*Assignment*: Below are entries; output exactly the lines from the one with "Mit diesem schwarzen" to the one with "DescriptionReceipt for merchandise", both included, and nothing else.

*Data*:
----------------

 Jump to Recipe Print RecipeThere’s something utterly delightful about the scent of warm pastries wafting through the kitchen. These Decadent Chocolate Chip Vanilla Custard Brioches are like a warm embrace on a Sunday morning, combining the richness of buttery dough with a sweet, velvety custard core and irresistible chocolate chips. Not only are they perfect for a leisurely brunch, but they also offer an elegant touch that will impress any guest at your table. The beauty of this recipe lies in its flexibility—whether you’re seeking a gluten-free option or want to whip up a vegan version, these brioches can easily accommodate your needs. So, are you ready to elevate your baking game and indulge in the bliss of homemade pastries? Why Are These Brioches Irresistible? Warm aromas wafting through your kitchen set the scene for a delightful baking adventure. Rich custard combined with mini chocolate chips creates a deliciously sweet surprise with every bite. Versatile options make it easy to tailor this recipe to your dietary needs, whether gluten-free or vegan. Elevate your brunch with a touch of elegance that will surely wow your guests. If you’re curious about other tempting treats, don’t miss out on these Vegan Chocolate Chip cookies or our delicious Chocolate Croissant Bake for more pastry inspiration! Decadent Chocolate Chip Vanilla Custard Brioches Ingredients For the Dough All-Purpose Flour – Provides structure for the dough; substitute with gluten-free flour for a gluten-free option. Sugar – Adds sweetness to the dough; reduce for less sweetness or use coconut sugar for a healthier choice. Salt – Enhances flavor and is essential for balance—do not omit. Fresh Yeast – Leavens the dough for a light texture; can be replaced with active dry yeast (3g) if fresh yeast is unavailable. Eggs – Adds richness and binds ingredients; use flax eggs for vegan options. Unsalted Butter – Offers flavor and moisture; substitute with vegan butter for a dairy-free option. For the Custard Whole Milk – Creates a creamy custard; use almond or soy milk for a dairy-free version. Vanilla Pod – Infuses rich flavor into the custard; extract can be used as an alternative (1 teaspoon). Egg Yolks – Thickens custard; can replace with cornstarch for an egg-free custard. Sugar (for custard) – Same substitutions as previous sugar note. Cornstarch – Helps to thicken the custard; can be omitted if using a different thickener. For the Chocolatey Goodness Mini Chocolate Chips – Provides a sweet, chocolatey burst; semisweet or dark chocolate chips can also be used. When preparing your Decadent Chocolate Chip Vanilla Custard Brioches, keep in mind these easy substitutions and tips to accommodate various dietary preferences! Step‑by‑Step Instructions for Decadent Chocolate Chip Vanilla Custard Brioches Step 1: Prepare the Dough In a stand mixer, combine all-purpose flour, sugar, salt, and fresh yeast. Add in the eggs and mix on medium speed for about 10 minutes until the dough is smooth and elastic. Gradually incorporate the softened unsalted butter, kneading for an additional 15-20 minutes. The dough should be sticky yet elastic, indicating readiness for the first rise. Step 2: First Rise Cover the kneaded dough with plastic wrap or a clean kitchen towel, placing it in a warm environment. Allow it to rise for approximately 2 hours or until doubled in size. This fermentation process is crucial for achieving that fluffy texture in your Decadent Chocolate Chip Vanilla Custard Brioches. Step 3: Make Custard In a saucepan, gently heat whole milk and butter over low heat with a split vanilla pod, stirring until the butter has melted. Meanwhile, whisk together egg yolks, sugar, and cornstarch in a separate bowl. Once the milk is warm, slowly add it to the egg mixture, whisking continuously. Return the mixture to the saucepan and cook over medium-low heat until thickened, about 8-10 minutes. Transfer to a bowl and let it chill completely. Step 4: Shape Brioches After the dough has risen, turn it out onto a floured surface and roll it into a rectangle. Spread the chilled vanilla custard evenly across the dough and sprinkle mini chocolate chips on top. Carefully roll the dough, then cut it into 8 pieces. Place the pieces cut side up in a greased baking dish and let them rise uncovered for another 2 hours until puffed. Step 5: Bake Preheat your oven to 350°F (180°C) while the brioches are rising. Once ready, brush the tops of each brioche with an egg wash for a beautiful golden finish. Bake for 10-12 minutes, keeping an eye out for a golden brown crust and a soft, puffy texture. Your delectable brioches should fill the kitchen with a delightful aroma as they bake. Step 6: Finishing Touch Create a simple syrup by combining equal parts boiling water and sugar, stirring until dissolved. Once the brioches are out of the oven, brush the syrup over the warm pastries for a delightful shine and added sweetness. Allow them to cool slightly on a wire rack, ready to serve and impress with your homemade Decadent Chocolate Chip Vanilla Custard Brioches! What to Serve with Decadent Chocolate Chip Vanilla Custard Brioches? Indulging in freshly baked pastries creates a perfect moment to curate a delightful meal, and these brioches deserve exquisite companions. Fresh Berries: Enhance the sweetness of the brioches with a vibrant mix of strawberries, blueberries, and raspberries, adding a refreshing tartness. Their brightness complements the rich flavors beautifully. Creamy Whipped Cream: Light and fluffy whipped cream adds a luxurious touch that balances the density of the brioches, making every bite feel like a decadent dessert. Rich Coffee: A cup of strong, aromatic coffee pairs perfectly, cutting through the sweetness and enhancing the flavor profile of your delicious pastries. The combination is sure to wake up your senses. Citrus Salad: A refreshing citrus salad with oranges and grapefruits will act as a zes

----------------

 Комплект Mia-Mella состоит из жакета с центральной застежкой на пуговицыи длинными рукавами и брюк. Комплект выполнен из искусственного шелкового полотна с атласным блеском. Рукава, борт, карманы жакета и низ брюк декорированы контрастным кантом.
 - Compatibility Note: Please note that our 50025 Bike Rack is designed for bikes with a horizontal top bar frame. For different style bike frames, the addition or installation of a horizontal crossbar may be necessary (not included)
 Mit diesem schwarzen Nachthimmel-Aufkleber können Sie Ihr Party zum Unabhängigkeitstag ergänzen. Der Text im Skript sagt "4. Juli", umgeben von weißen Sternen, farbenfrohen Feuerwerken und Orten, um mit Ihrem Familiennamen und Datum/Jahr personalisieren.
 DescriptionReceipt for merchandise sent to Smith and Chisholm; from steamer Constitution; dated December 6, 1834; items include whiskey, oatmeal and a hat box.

----------------

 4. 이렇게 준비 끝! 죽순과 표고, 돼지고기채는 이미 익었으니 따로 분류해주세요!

----------------

*Your response*:
 Mit diesem schwarzen Nachthimmel-Aufkleber können Sie Ihr Party zum Unabhängigkeitstag ergänzen. Der Text im Skript sagt "4. Juli", umgeben von weißen Sternen, farbenfrohen Feuerwerken und Orten, um mit Ihrem Familiennamen und Datum/Jahr personalisieren.
 DescriptionReceipt for merchandise sent to Smith and Chisholm; from steamer Constitution; dated December 6, 1834; items include whiskey, oatmeal and a hat box.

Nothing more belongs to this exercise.